Written on 1 March 2016 by Alistair Boscawen in Property News
Median property values in the SW1X postcode, which covers Belgravia, Knightsbridge, Westminster, jumped 176% in 2015 from £2.1m to £5.8m thanks to the £17m sale of a flat at One Hyde Park.
This is 162.1% higher than the annual growth rate of property values in the rest of London, which the Land Registry house price index puts at 13.9%.
A home in London now costs an average of £530,409, compared with just £191,812 in the rest of England and Wales.
The Land Registry – the official body that records the sold price of every property in England and Wales – also reveals the Crossrail effect, with prices in Reading rising 16.1% to £270,146.
Elsewhere in the UK, property prices in south-west England rose 6.2% over 2015 to take the average price of a home there to £220,532 – £46,071 less than homes in south-east England, which rose in value by 10.7%.
In north-east England property prices inched up just 0.2% in 2015, while prices in the north west grew by 2.1% to £114,504.
However, the chief executive of a property finance firm warns the UK’s possible exit from the European Union could affect property prices, but the slowdown of the Chinese economy and a possible rise in interest rates are greater concerns.
Writing in City AM, Oblix Capital’s Rishi Patel says no one knows for sure how a Brexit would affect the UK economy.

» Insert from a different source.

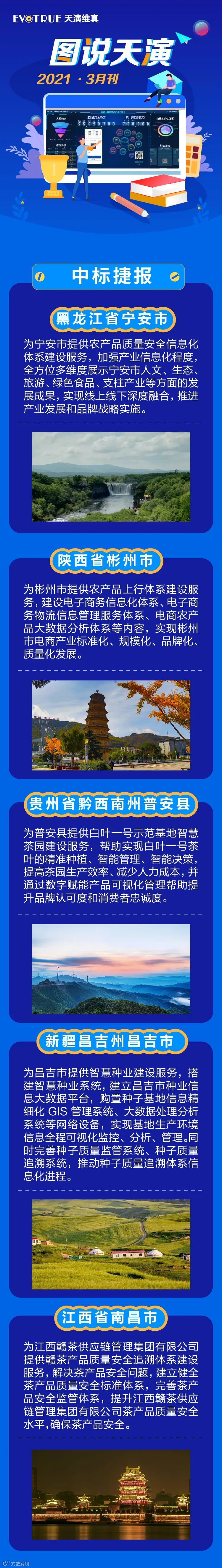 阳春三月,万物复苏。本月天演维真也迎来了诸多喜讯,中标捷报不断传来的同时,产品也在迭代升级,助力各地产业发展、乡村振兴。
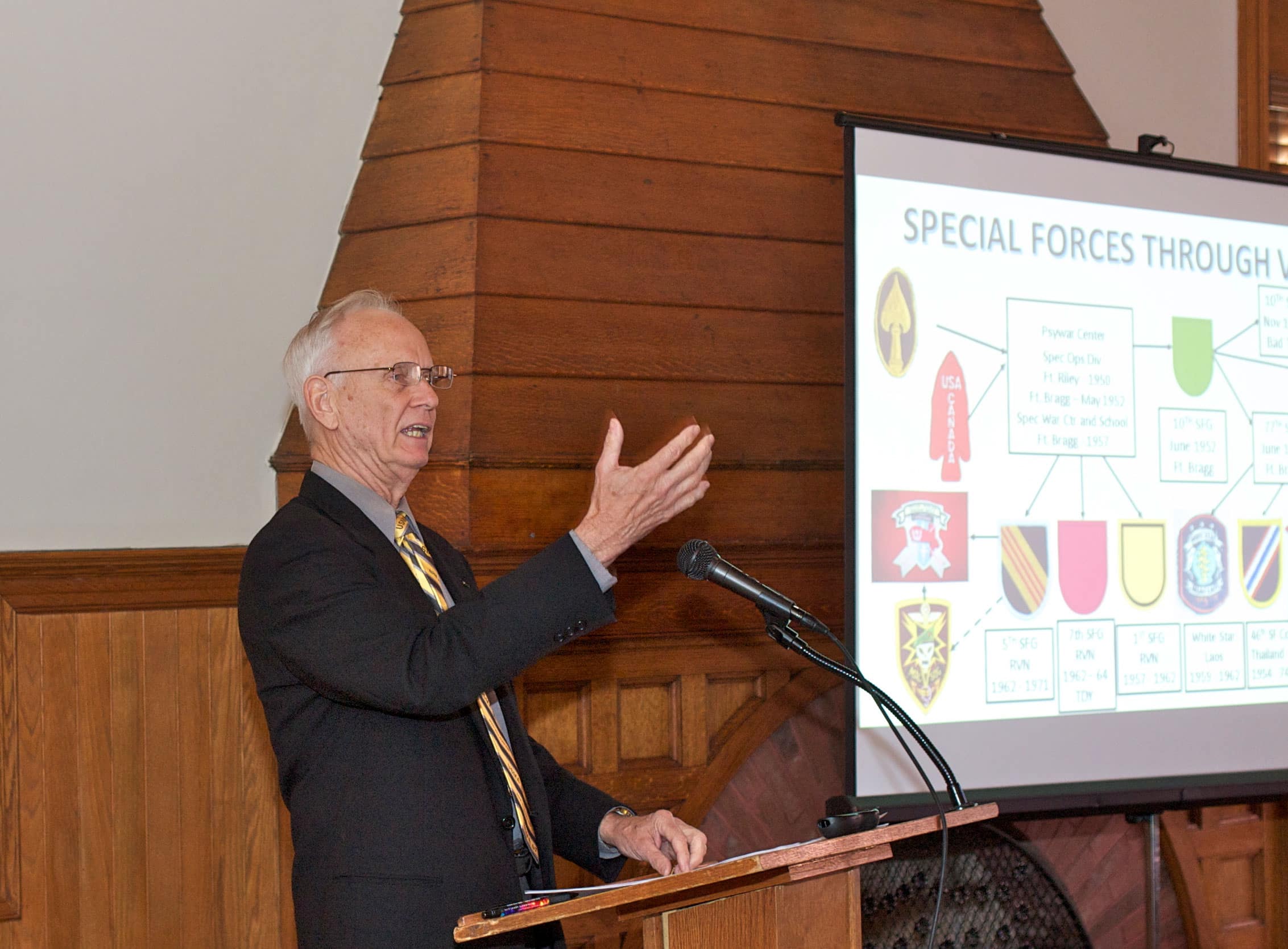 Several Vietnam-era Special Forces veterans were in the audience along other Vietnam veterans, friends and others, some new and some regular attendees to this lecture series. Kiper demonstrated an in-depth understanding of the Special Forces presence during Vietnam. He spoke for a full hour on the background history and details of SF units and missions in Vietnam. Of particular note was the reaction that the Vietnam veterans in the audience had when Kiper showed a photo of Martha “Maggie” Raye, an actress and singer, who many of them knew as a champion of Soldiers in Vietnam and as an honorary Green Beret nicknamed “Colonel Maggie.”

In the shorter term, he says the uncertainty as to which way the British public will vote in the upcoming referendum is most likely to cause investment levels in property “to come off the boil”.
If the UK does leave the EU, it’s likely property values in prime areas of London will be hit the hardest in the short term, Mr Patel adds. “But the rest of the UK will feel the pain too.”